I saw a few topics on this subject with few replies so I thought I would give my 2cents for the newbies who do not want to invest in a heat press or roller.

This is extremely dangerous so please use with caution!!!

Over the weekend I experimented with this process. Here is what I did, and it worked great.

1. Preheated Oven to 400 degrees
2. Put folded shirt neatly onto middle rack in oven
3. Did not leave room, kept eye on shirt 100% of the time
4. Each shirt seems to be different, take shirt out as soon as you see it start to steam! Not smoke but Steam!
5, I laid shirt on cold marble table and chair to cool.
6. Stretch test after cool down, if you can see ink breaking , put back in over for second or even third bake
7. Each shirt seems to take less then 60 seconds depending on how you fold it/ size of shirt
8. The last few shirts where white and I noticed after printing 10 shirts the oven made nasty yellow burn /gril marks in shoulder area, so keep I mind you might have to cool down or swap out racks 
9. Suggestion take all racks out only bake one at a time, after 25 minutes swap for cool rack and let hot one cool down, and so on
9. I was using non water based ink,
10. Hope this is helpful to someone?

Best of luck and be careful!!

FP


----------



## splathead (Dec 4, 2005)

I wouldn't want to come to your house for a roast dinner afterwards.


----------



## ForbiddenProphet (Jan 21, 2013)

Haha honestly I could barley smell anything. It could have been really bad tho if it had started smoking!


Forbidden Prophet
www.ForbiddenProphet.com


----------



## splathead (Dec 4, 2005)

ForbiddenProphet said:


> Haha honestly I could barley smell anything.


Some things that are bad for you don't have a smell.

You don't want to use the same oven you cook with to cure plastisol ink. That smoke you see is not steam. Plastisol does not contain water. What you see is vaporized polyvinyl chloride that's lining your oven.


----------



## ForbiddenProphet (Jan 21, 2013)

Wow! Good thing I'm replacing my oven in 2 weeks. Ill be sure to discontinue using it. 

For anyone else reading this - 

Do not Bake Shirts in your Home oven!! Lesson learned! 


Forbidden Prophet
www.ForbiddenProphet.com


----------



## splathead (Dec 4, 2005)

ForbiddenProphet said:


> Good thing I'm replacing my oven in 2 weeks.
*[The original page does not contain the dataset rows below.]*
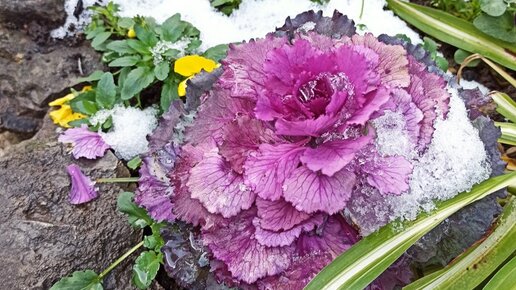 Пальмы и цветы в снегу на улицах Сочи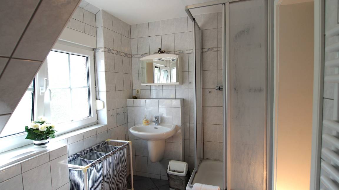 Bei getrennter Anmietung einer der beiden Ferienwohnungen kann die Innentreppe geschlossen werden, so dass die Wohnung im Dachgeschoss über einen separaten Zugang über eine Außen-Wendeltreppe begehbar ist.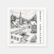 These elegant black-and-white Christmas napkins feature a beautifully illustrated winter village, evoking the quiet charm of a storybook scene. Delicate linework captures snow-covered rooftops, pine trees, and a winding stream beneath a stone bridge, all bathed in a soft, vintage glow. A slender church steeple watches over cozy cottages, while distant mountains fade into a dreamy horizon. The design is airy and serene, inviting warmth and nostalgia. At the right of the illustration, you can personalize the “Merry Christmas” message.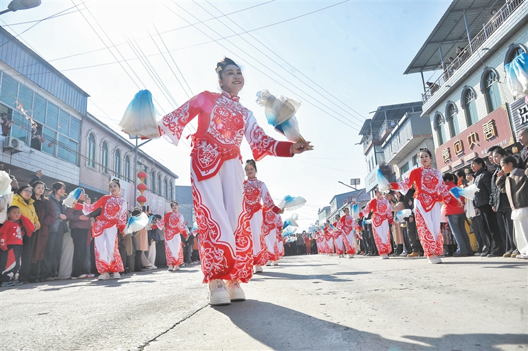 ②曲阳县灵山村的秧歌表演热闹喜庆。 王增光 摄 ③定兴新春百姓市集上,市民沉浸式感受传统文化魅力。 张曾良 摄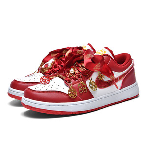 aj婚鞋秀禾服情侣款新娘子结婚红色订婚宴平底dunk板鞋运动敬酒鞋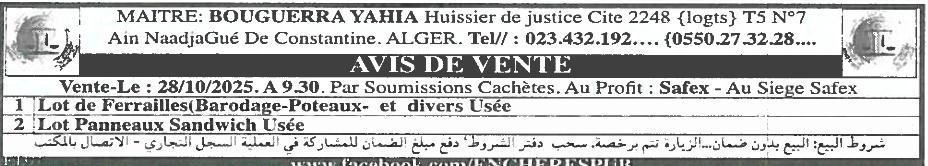 | Objet: Vente de ferrailles (barres, poteaux et divers usés) — 2 lots de panneaux sandwich usés | |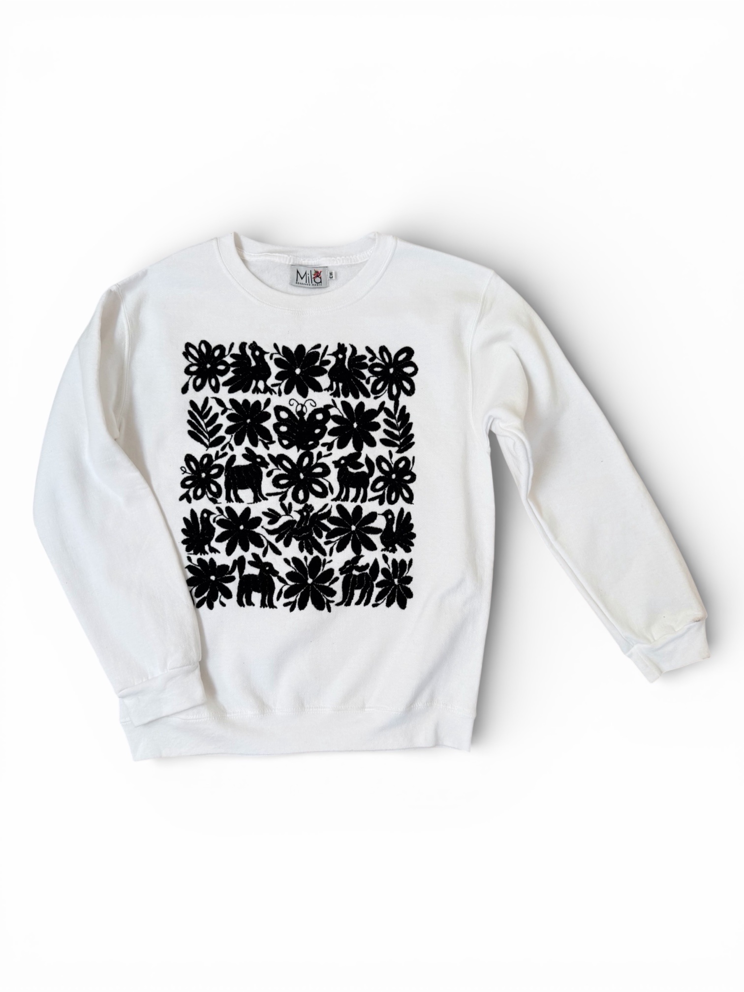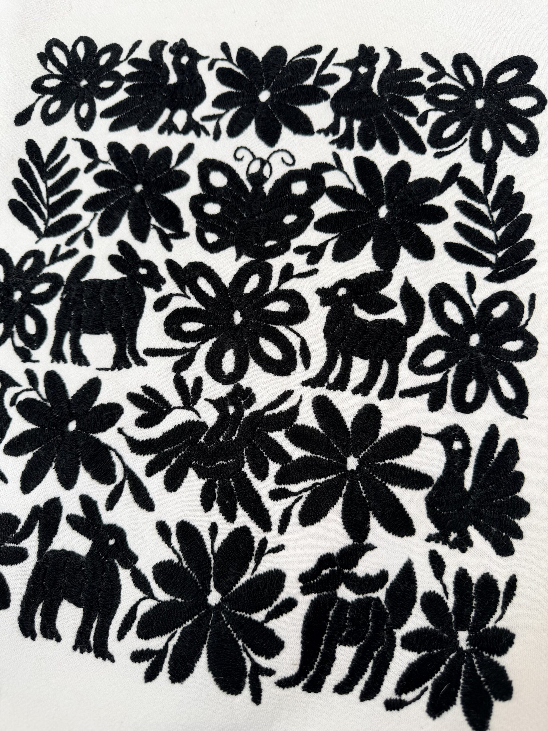 Sudadera Unisex talla chica color blanco elaborado con tela afelpada y con bordado tenango color negro hecho a mano.

Now, if you have room for it in your shop area, the old oven can be useful. Certainly not as convenient as a flash or tunnel dryer, but useable.


----------



## selanac (Jan 8, 2007)

You could also use a Convection Oven. I tried it on the oven I use for Mug Wraps. Works just fine. Wash test is just fine. Think I still have one of the samples I've made. 

I'd still prefer a flash and conveyor.


----------



## Printavo (Oct 7, 2007)

Haha, this is pretty funny. A video would be awesome.


----------



## ForbiddenProphet (Jan 21, 2013)

Haha- I almost made a video ! I definitely will in the future, but not of a boot leg oven bake! I felt like I was cooking crack, whatever that feels like? I <3 screen printing now, definitely addicting. 


Forbidden Prophet
www.ForbiddenProphet.com


----------